Use Python+xpath to get download links

Source: Internet
Author: User
Tags readfile xpath

Use Python+xpath to get the download link for https://pypi.python.org/pypi/lxml/2.3/:

After using requests to get the HTML, analyze the tags found in HTML to find the link in <table class= "list" >...</table>

They were then given<trclass="Odd"> and <tr class=" even"> content, which can be written as XPath when using XPath ('//table[@class = ' list ']/ tr[@class = "even" or "odd"]/td/span/a[1]/@href ')


Import re

Import requests

Import Urllib2

From lxml import etree


Url= ' https://pypi.python.org/pypi/lxml/2.3/'

head={' user-agent ': ' mozilla/5.0 (Windows NT 6.1; WOW64) applewebkit/537.36 (khtml, like Gecko) chrome/31.0.1650.63 safari/537.36 '}


def gethtml (URL, *args):

html = requests.get (URL, *args). Content

return HTML


def writfile (cont):

Try

FD = open (' X.txt ', ' W ')

Try

Fd.write (cont)

Finally

Fd.close ()

Except IOError:

Print "File not existing!"


def ReadFile ():

Try

FD = open (' X.txt ', ' R ')

Try

All_the_text = Fd.read ()

Finally

Fd.close ()

Except IOError:

Print "File Open Error!"


Return All_the_text


html = gethtml (URL, head)

Writfile (HTML)

All_text = ReadFile ()


Dom = etree. HTML (All_text)

Url_list = Dom.xpath ('//table[@class = "List"]/tr[@class = "even" or "odd"]/td/span/a[1]/@href ')

For URL in url_list:

Print URL








After testing, the corresponding download link can be obtained normally. As a beginner, the code has a lot of inappropriate places, but also ask Daniel to correct them after reviewing.

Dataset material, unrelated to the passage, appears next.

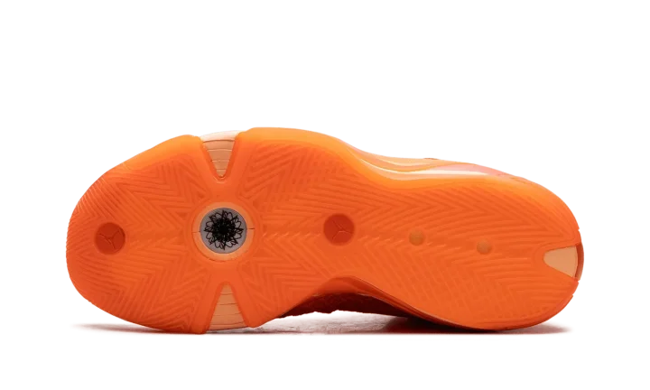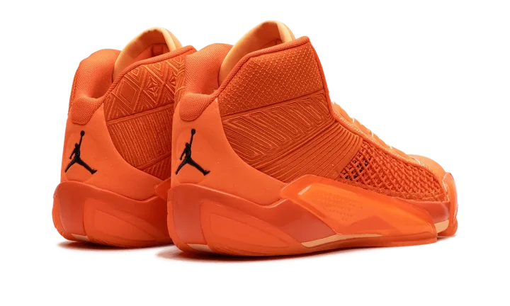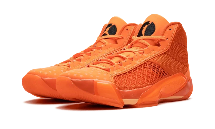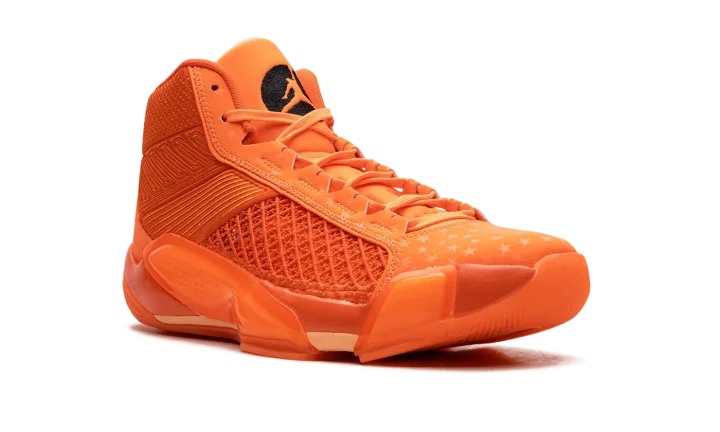 The Air Jordan 38 "Center Star" is a colorway of the performance basketball sneaker that honors Jordan Brand's WNBA athletes. Also inspired by the 2023 WNBA All-Star Game in Las Vegas, the "Center Star' Jordan 38 features a mostly monochromatic Brilliant Orange appearance with an intricate knit material on the side up to the collar. A star motif inspired by the WNBA All-Star Game is seen on the toe, insole, and heel counter. A Jumpman logo is seen on the tongue of the left shoe while a WNBA logo appears on the tongue of the right shoe. A Jumpman is located on the heel of both shoes.

This article is from the "Ignorance" blog, please be sure to keep this source http://huangfuligang.blog.51cto.com/9181639/1706837

Use Python+xpath to get download links

Contact Us

The content source of this page is from Internet, which doesn't represent Alibaba Cloud's opinion; products and services mentioned on that page don't have any relationship with Alibaba Cloud. If the content of the page makes you feel confusing, please write us an email, we will handle the problem within 5 days after receiving your email.

If you find any instances of plagiarism from the community, please send an email to: info-contact@alibabacloud.com and provide relevant evidence. A staff member will contact you within 5 working days.

A Free Trial That Lets You Build Big!

Start building with 50+ products and up to 12 months usage for Elastic Compute Service

  • Sales Support

    1 on 1 presale consultation

  • After-Sales Support

    24/7 Technical Support 6 Free Tickets per Quarter Faster Response

  • Alibaba Cloud offers highly flexible support services tailored to meet your exact needs.